In this article Joe Harmon, Chief Product Owner at Evotix, a leader in EHS software solutions, outlines the importance of keeping construction workers safe, and how failure to comply with regulations, such as The Health and Safety at Work etc Act 1974, can lead to severe consequences.
While all businesses have reasons to comply with EHS regulations, it’s especially important for construction businesses because it’s the largest industry in the entire world, generating 13% of the world’s GDP. Failure to do so could result in construction delays, financial loss, and most importantly, loss of life. And if EHS negligence is severe enough, it could also lead to loss of licensure.
Due to the nature of construction work, the safety stakes are significantly higher than in most other sectors. Hazards related to working at height, unguarded machinery, proximity to heavy construction equipment or power lines, and occupational disease related to silica dust and asbestos are just some examples of risk.
Ensuring safe building practices remains one of the industry’s top priorities, yet businesses still face problems with employee engagement and compliance.
The latest Health and Safety Executive (HSE) stats for the construction industry reveal the shocking human cost of negligence. In the UK, there were 30 fatal injuries to construction workers in 2021/22 as a result of negligence. There were also 123 deaths from injuries in workplace incidents, making the construction industry the deadliest.
The hardest part of these statistics are what comes with them. Behind every statistic is a name and a family, which means more than 150 families and friends were affected by such tragedies. This is NOT ok. These failings also lead to consequences for businesses in the UK, and those that run them. Even one death at work is one too many. Every employee should expect they can carry out their work in a safe and healthy working environment and return home just as safely.
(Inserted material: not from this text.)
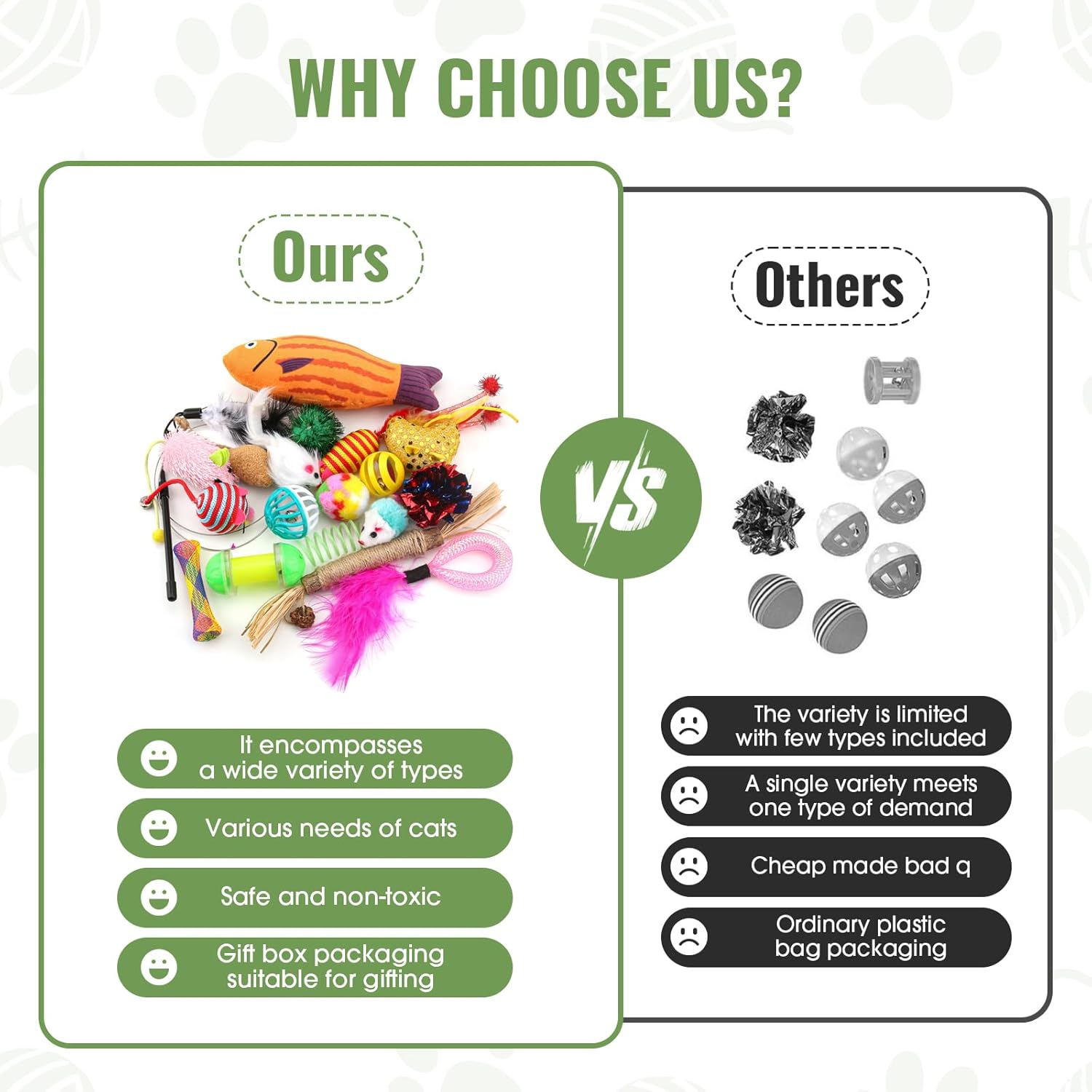 Customers find this cat toy variety pack offers great value for money and includes a nice assortment of items that keep cats entertained all day. The toys are well-received by cats, with one customer noting their cats particularly enjoy the jingly balls. While some customers report the toys hold up well, others mention they fall apart quickly. The build quality receives mixed feedback, with some finding them well-made while others describe them as cheaply made.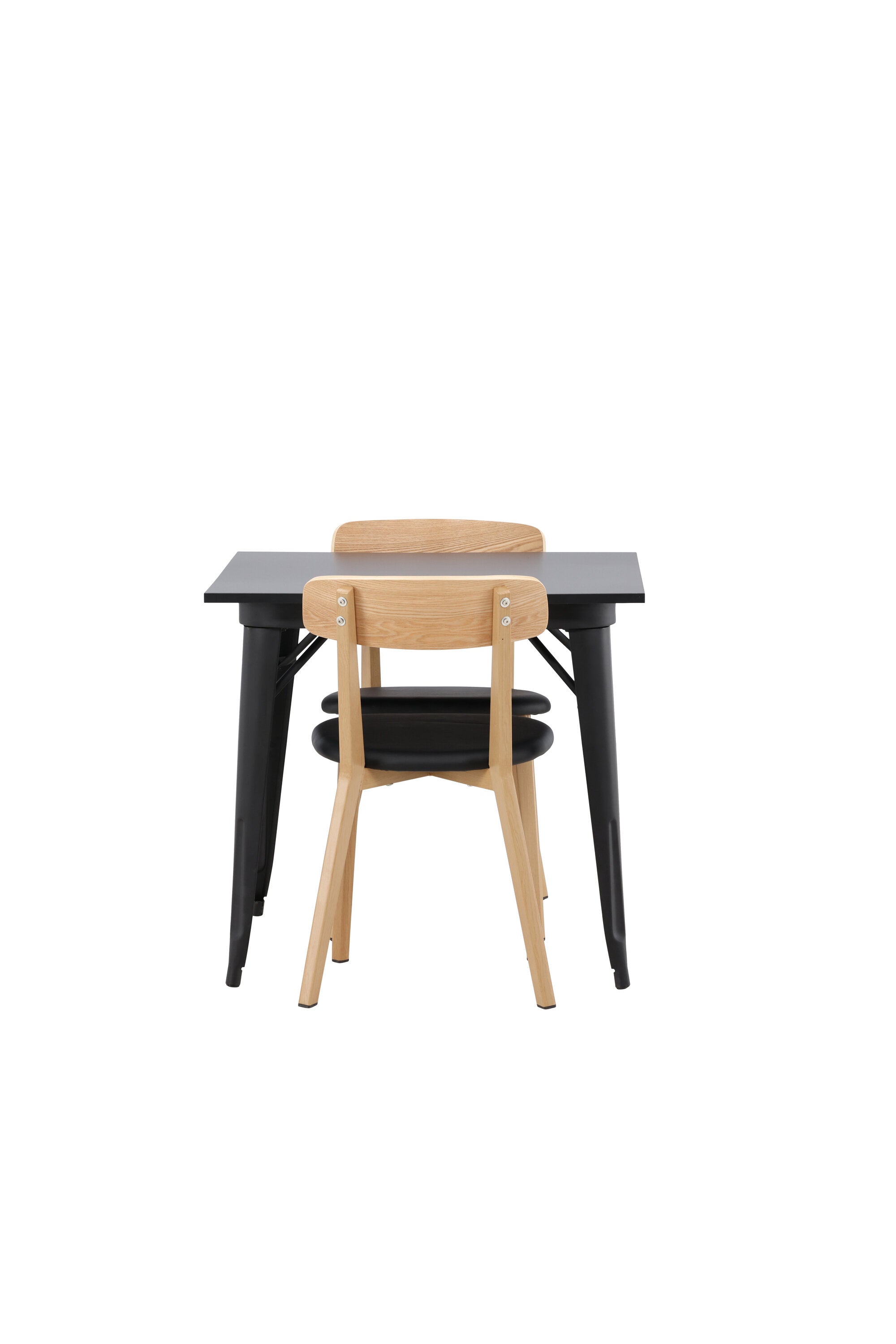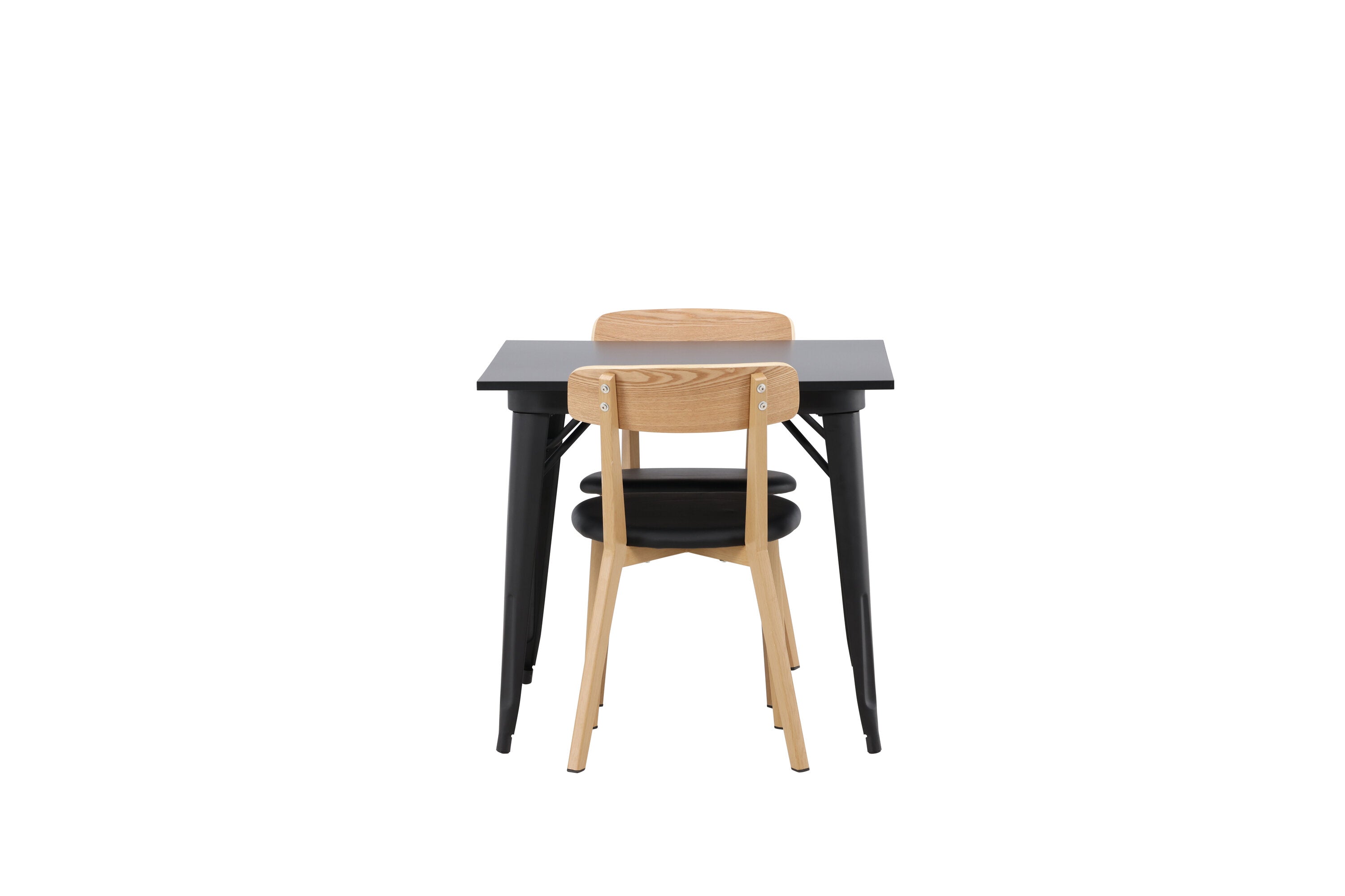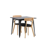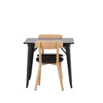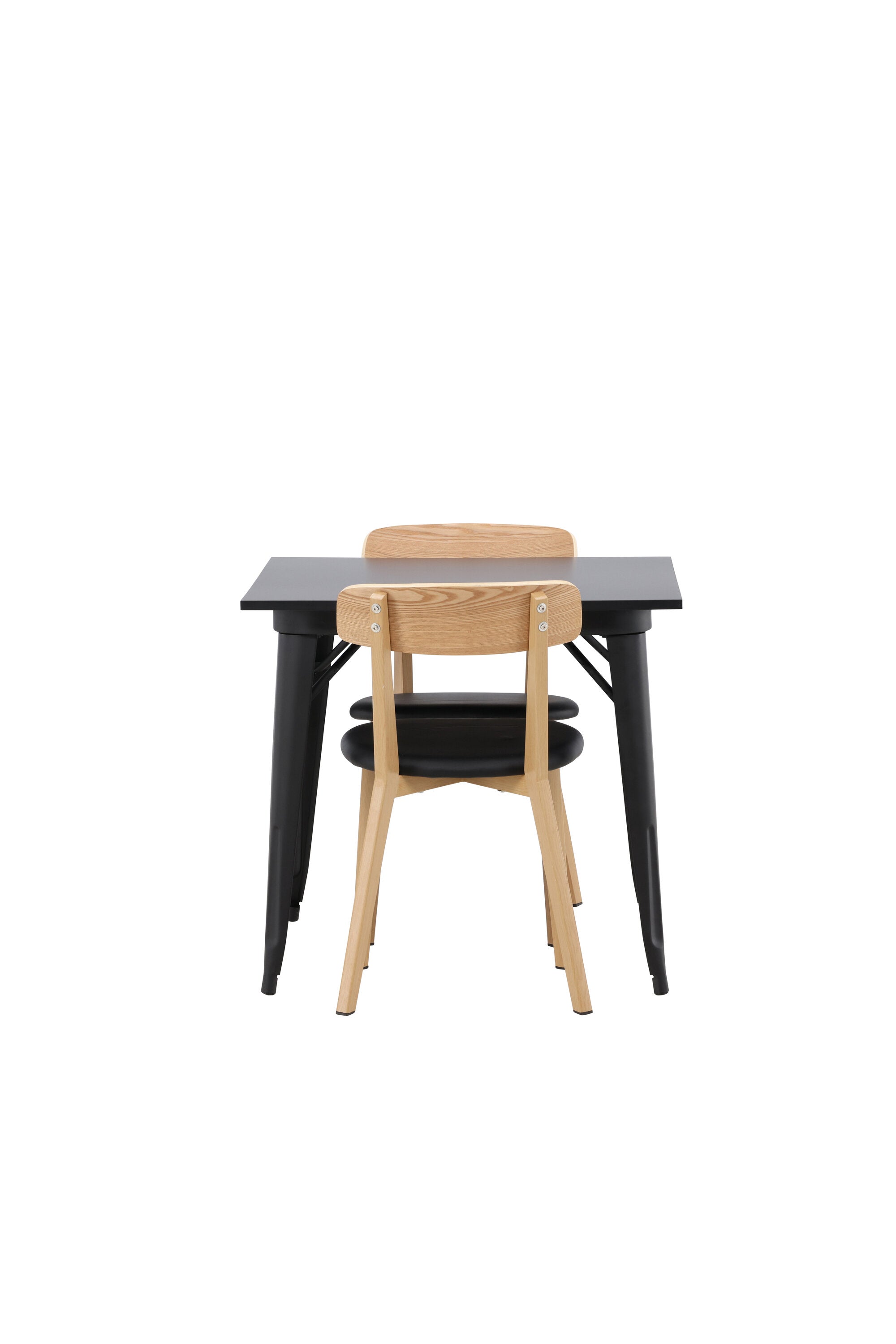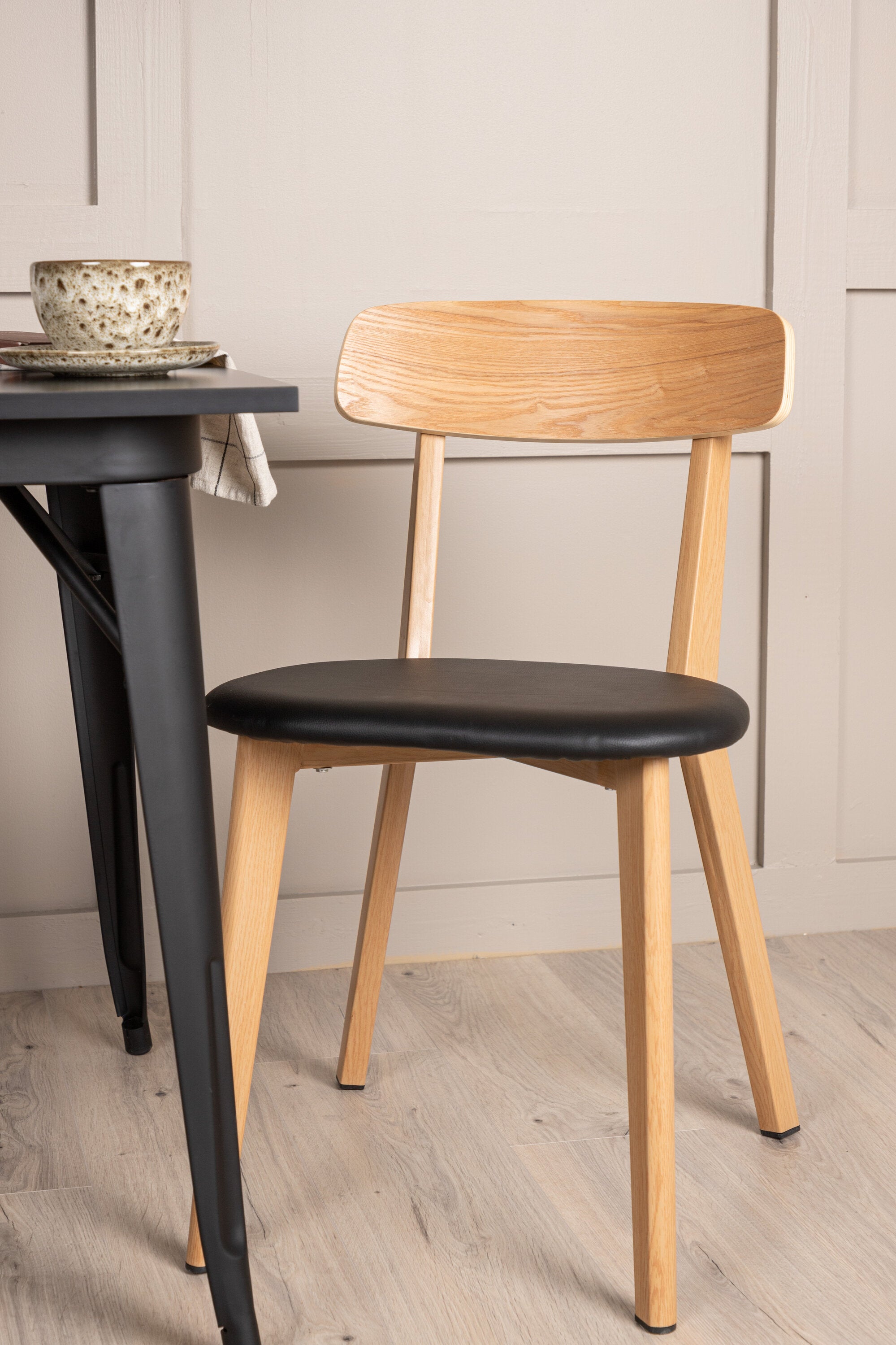 Zařiďte svůj domov chytře a stylově! Tento jídelní stůl ze série Tempe má klasický hranatý design a nadčasovou černou barvu. Deska stolu je z černé MDF a nohy stolu z černého kovu. Zde v dokonalé kombinaci s našimi vkusnými jídelními židlemi ze série Sanjos. Židle patří do kolekce Venture Home a má krásný design v barvách černá a přírodní dřevo. Měkké sedadlo je čalouněno pěnou pro větší pohodlí a má PU-kůži v černé barvě. Záda a nohy jsou ze světlého dřeva a působí dojmem klasického designu. Pohodlně se usaďte!

Businesses that do not take this seriously and fail to comply can result in some serious business consequences. Here are some of the main consequences of EHS non-compliance.
A criminal offence
EHS is a legal requirement for construction businesses. Did you know that breaching health and safety regulations is a criminal offence? Businesses have a duty to ensure the working environment is safe for employees. If a business is found to have breached regulations, then it will face consequences which can include fines and even prison sentences.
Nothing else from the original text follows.